Sunday, May 11, 2014

What Makes a Great Editor - Part Four

Perhaps to attain some measure of success as a writer, you have to be blessed with a guardian angel. If that's so, I was blessed beyond all counting. My guardian angel was short, bearded, with a twinkle in his eye, a Jeopardy-champ range of knowledge, a genuine belief in writers, the ability to recognize the best in a writer and develop it. His name was Bob Abel.
In 1963, a magazine called The Realist was starting to reshape the definition of American humor. It was an irreverent, unexpected breath of fresh air. Woody Allen wrote for it. So did Kurt Vonnegut and Lenny Bruce. So did Terry Southern, the screenwriter of Dr. Strangelove. So did Avery Corman, author of Kramer vs. Kramer. The Realist was the brainchild of eccentric comic genius Paul Krassner. The masthead read "Paul Krassner, Editor and Ringleader, Bob Abel, Featherbedder." Paul's was the name everyone knew, but it was but it was Bob who held it together, got it out on time, and read unsolicited manuscripts.

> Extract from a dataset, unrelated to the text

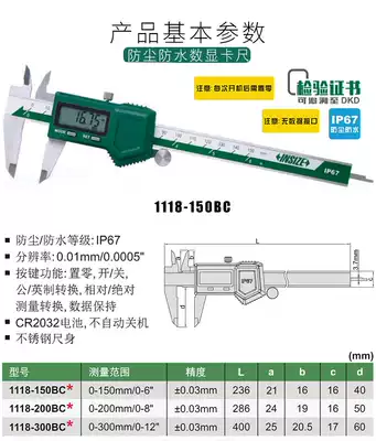 Yingshi insize dustproof and waterproof digital caliper IP67 1118-150BC 0-150200300mm English

Incuding mine. I was a young college professor in the midwest, a graduate of the University of Iowa Writers Workshop, as stuffy as only a young college professor could be, and as full of himself as only a recent Iowa Workshop graduate could be. But I fell in love with The Realist's iconoclasm, and decided I could write for it.
I was valuing myself much too highly. The first piece I submitted to them took on the televised state funeral for General MacArthur -- an attempt, as I saw it, to cash in on the great ratings garnered by the state funeral for President Kennedy. I expounded on this over seven pages of pompous writing. I thought it was wonderful. It was awful.

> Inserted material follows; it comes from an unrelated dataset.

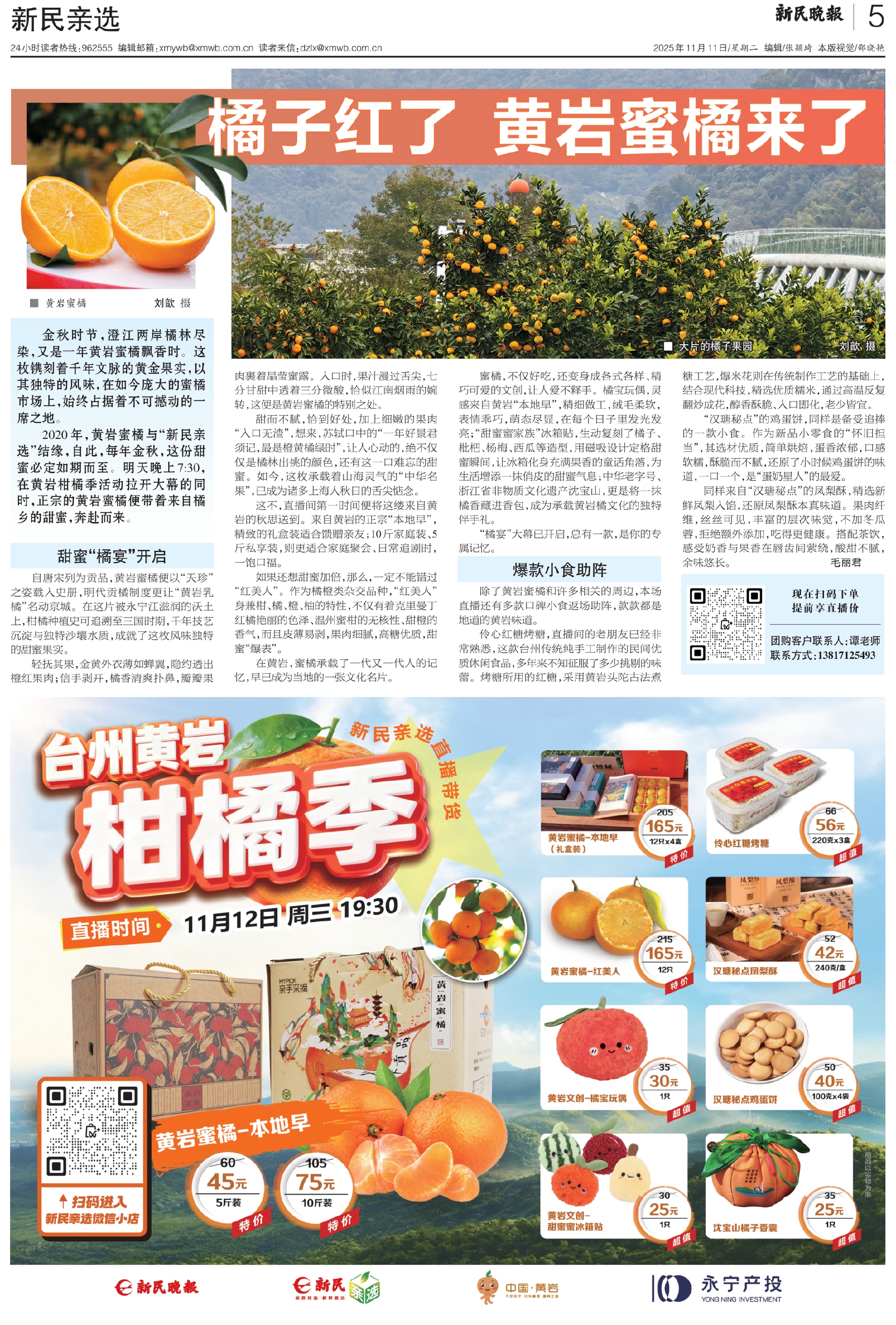 2020年,黄岩蜜橘与“新民亲选”结缘,自此,每年金秋,这份甜蜜必定如期而至。明天晚上7:30,在黄岩柑橘季活动拉开大幕的同时,正宗的黄岩蜜橘便带着来自橘乡的甜蜜,奔赴而来。

I sent it in to The Realist, expecting kudos and congratulation from Paul Krassner. Instead, and fairly promptly,  got a response from someone named Abel, telling me, in essence, that my manuscript was pompous, stuffy and dull...but that there was a funny idea on page seven that could maybe be developed.
Who reads a stuffy, dull manuscript from an obscure midwestern college professor all the way through, is perceptive enough to find one funny idea buried on the seventh page and generous enough to write the author and encourage him to rewrite and resubmit the piece? How did he know I had it in me to write something less stuffy?
The idea that struck Bob's fancy was a TV game show called "Celebrity Funeral." And he was right. Nothing else in the essay was funny at all; that had a chance to be. I rewrote the piece, resubmitted it, and it began my career-of-sorts as a regular contributor to The Realist. You can find it now online at The Realist Archive Project
That all by itself would qualify someone for guardian angelship. But it was just the beginning of Bob's benevolent influence on my career.